HeLa cells (5 × 104 cells) were seeded in 35-mm glass-bottom dishes 24 h before the experiment. Cells were incubated in the presence of carriers [13.75 μM lipid, 3.125 μg/mL IgGAlexa488, D'MEM, FBS(−)] for 1 h. After washing with heparin (40 U/mL), complete medium [D'MEM, FBS(+)] was added and the solution incubated for 1 h. For the time course analysis of antibody delivery, the cells were incubated in the presence of carriers for 15, 30, 60, or 120 min. After washing (heparin 40 U/mL), complete medium was added and CLSM observations were performed immediately. Nuclei were stained with Hoechst 33342 (Dojindo Laboratories, Kumamoto, Japan). For the analysis of colocalization between antibodies and endosomes, acidic compartments were stained with LysoTracker Red DND-99 (Invitrogen Corporation). CLSM images were obtained using a Nikon A1 confocal imaging system (Nikon, Tokyo, Japan) equipped with the objective lens Plan Apo 60x/1.20 PFS WI and Plan Apo 20x/0.75 PFS dry, and a first dichroic mirror (405/488/561/640).
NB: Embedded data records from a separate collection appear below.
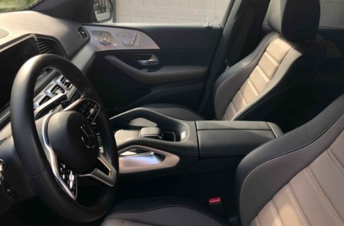2020款奔驰GLE450内饰则延续了现款S级 (配置|询价)的造型,用的是贯穿式中控台双屏设计,12.3英寸的双液晶显示屏带来的科技感爆强,并且搭载 了奔驰最新的MBUX人机交互系统,采用搪塑,皮革,实木,金属和碳纤维材质,三幅式平底方向盘动感十足,头顶一个全景天窗,座椅用的是双色搭配的运动风格座椅,舒适性和包裹性也比较好**20款奔驰GLE450整个内饰氛围更显豪华质感,相对简约的功能按键设计,也令操作更加简洁。新车方向盘集中了音响、电话及行车电脑的控制。奔驰GLE450车内整体视觉与中控台内饰格调保持一致,给驾乘者带来无尽的奢华享受,也尽显着奔驰的高档大气风范、华贵之美。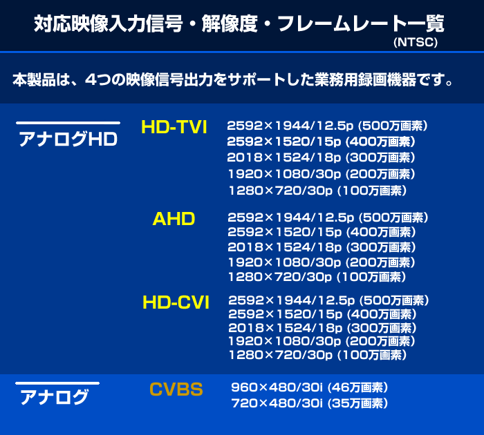 各監視カメラに10段階の画質と解像度の録画設定が可能。 [HD-TVI/AHD/HD-CVI] 2592x1944/120fps, 2592x1520/120fps, 2018x1524/120fps 1920x1080/240fps, 1280x720/240fps, [アナログ]960H/D1/240fp 専用IPカメラを接続しての同時録画を実現! | ||||||||||||||||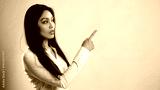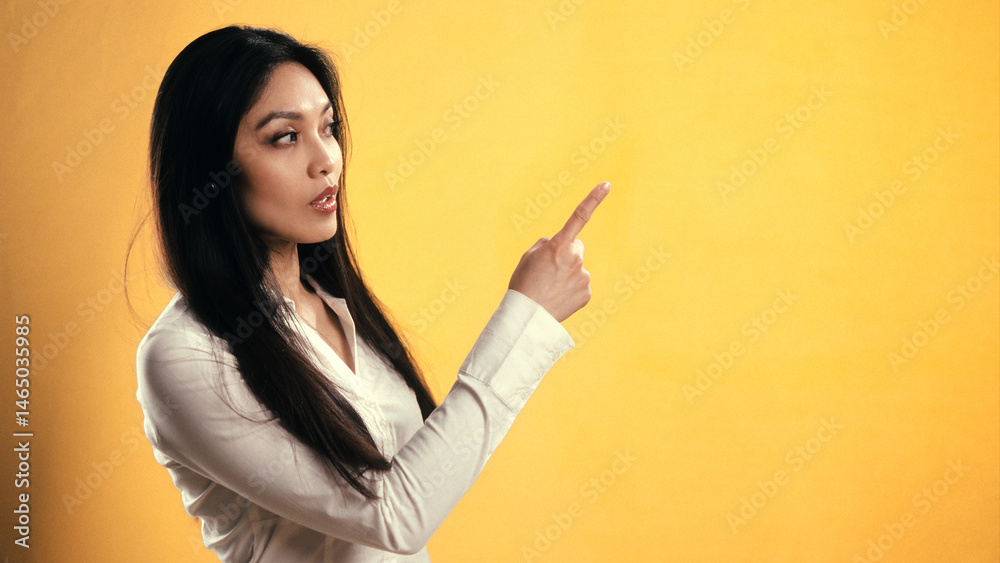 Asian businesswoman pointing her finger to the right on a yellow background with copy space

Comparison of R8-GALA Liposome with Commercially Available Reagents

Complexation of antibodies with the delivery reagents ChariotTM (Active Motif, Carlsbad, California) and Pro-JectTM (Thermo Scientific, Waltham, Massachusetts) was carried out according to manufacturer's recommendations (see Supporting Information for details). The cellular uptake of antibodies was determined as described above with HeLa cells incubated in the presence of carriers corresponding to 2 μg of IgG (40% IgGAlexa488). In the case of CLSM observations, cells were incubated with carriers corresponding to 3 μg/mL IgGAlexa488 and treated as described above.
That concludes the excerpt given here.